There was only one song that they added to the Kid A sessions for Amnesiac and that was the extraordinary, disconcerting ‘Life In A Glasshouse’. It was a seemingly autobiographical tale of somebody who feels that they’re always being watched by the press and, more specifically, the effect it has on that person’s partner. There were obvious parallels with Thom’s own life.
The song was written during the period captured in Meeting People Is Easy and director Grant Gee thinks his continuous scrutiny might have, consciously or unconsciously, helped inspire it.

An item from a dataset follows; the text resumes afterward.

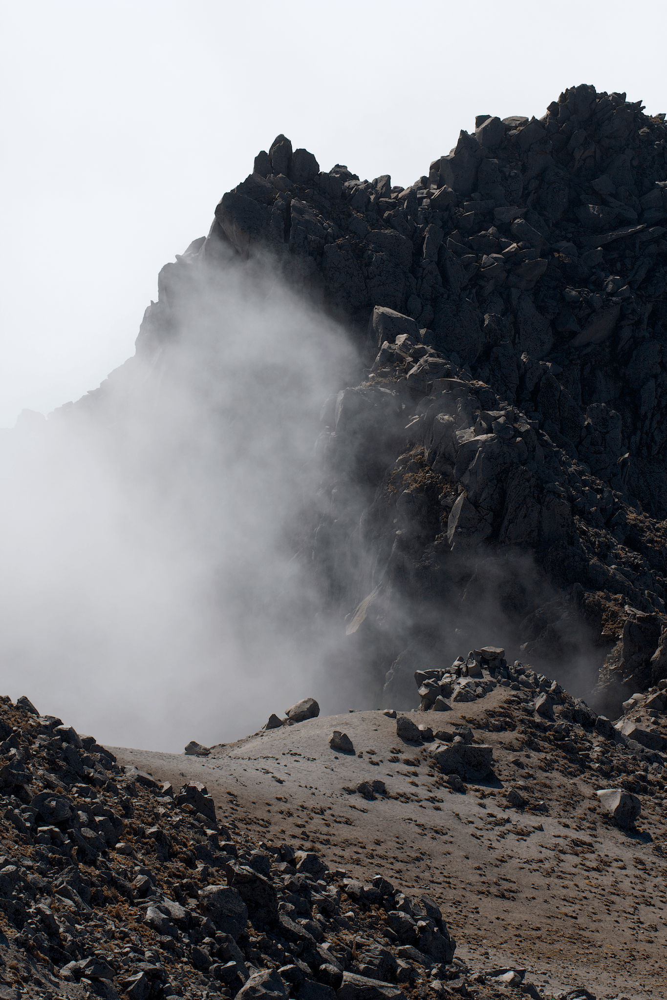 Higher up yet, no plants remained at all. We found nothing more than a barren landscape of ash, rock, and lichen.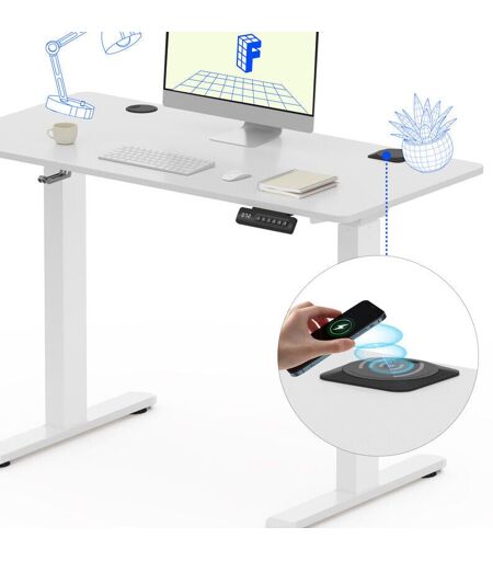 FlexiSpot Bureau Assis Debout 110x54, recharge sans fil, Blanc

“Originally it had the line, ‘little cameras in every room/they’re watching me’, he says, “which was us because we used to go in and rig little tiny, £49 pinhole cameras in their dressing rooms whenever we could. And just record them in there so we wouldn’t have to be in the room. That was one of our innovations to overcome this problem of, ‘Hello! I’m just filming you! Pretend I’m not here.’ So we’d stick cameras with gaffa tape to the corners of the rooms.”
Thom has said that it was inspired by an interview he read with the wife of a celebrity. Her house was staked out by the press and she cut up the papers with her picture on them and pasted them over the windows so the photographers were looking in at the images they’d already taken.

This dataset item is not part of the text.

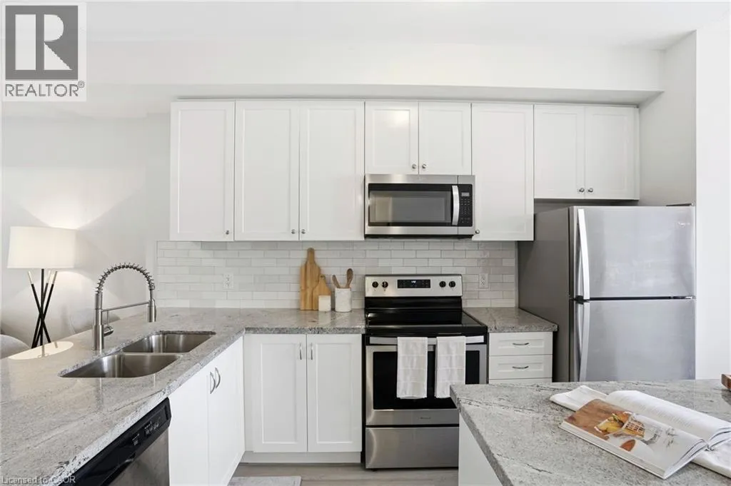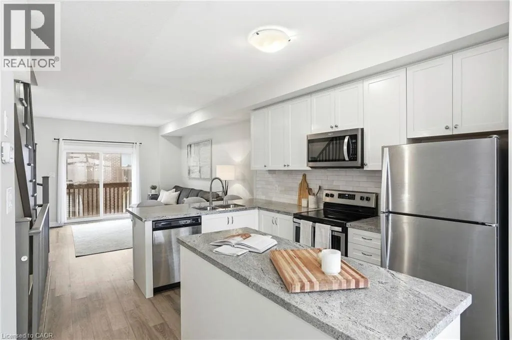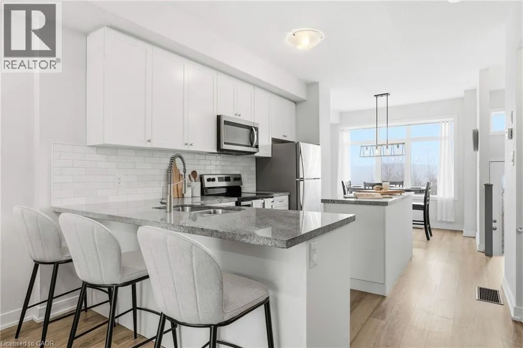 Welcome to this bright and thoughtfully designed 2-bedroom, 1.5-bathroom home in sought-after Ancaster. With 9-foot ceilings, the second floor features an open-concept living room, kitchen, and dining area. The spacious living room with pot lights opens onto a deck, while the kitchen includes granite countertops, shaker cabinetry, an island, and a peninsula with seating that provides additional storage and counter

When ‘Life In A Glass House’ was demoed, Jonny said that, “it could sound like a bad Cure song, it could be brilliant.” In reality, at this point in their career, there was no chance that it was going to sound like any kind of Cure song. They decided that, just like ‘The National Anthem’, it needed a jazz element but this time they went for a very different sound, enlisting the help of a pillar of the British jazz scene, Humphrey Lyttelton. Colin had once booked him to play at Cambridge University when he was Entertainments Officer, but by the year 2000 he was in his seventies. He was Eton educated, BBC through-and-through and best known for being the chairman of the whimsical Radio 4 panel show, ‘I’m Sorry I Haven’t A Clue’.
Despite this he did have a lot in common with them. There had always been a Radio 4 element to their aesthetic and, like them, he combined indisputable poshness with an anarchic streak. In 1941 he fought in southern Italy and supposedly arrived at the battle of Salerno with a pistol in one hand and a trumpet in the other. His only hit, 1956’s ‘Bad Penny Blues’, was recorded with the maverick pop producer Joe Meek. When Radiohead contacted him to ask if he’d work with them, he listened to one of his grandchildren’s copies of OK Computer and agreed straight away. When he turned up to the recording sessions, the band were shocked to find that one of his band had only been released from hospital the day before after having open heart surgery.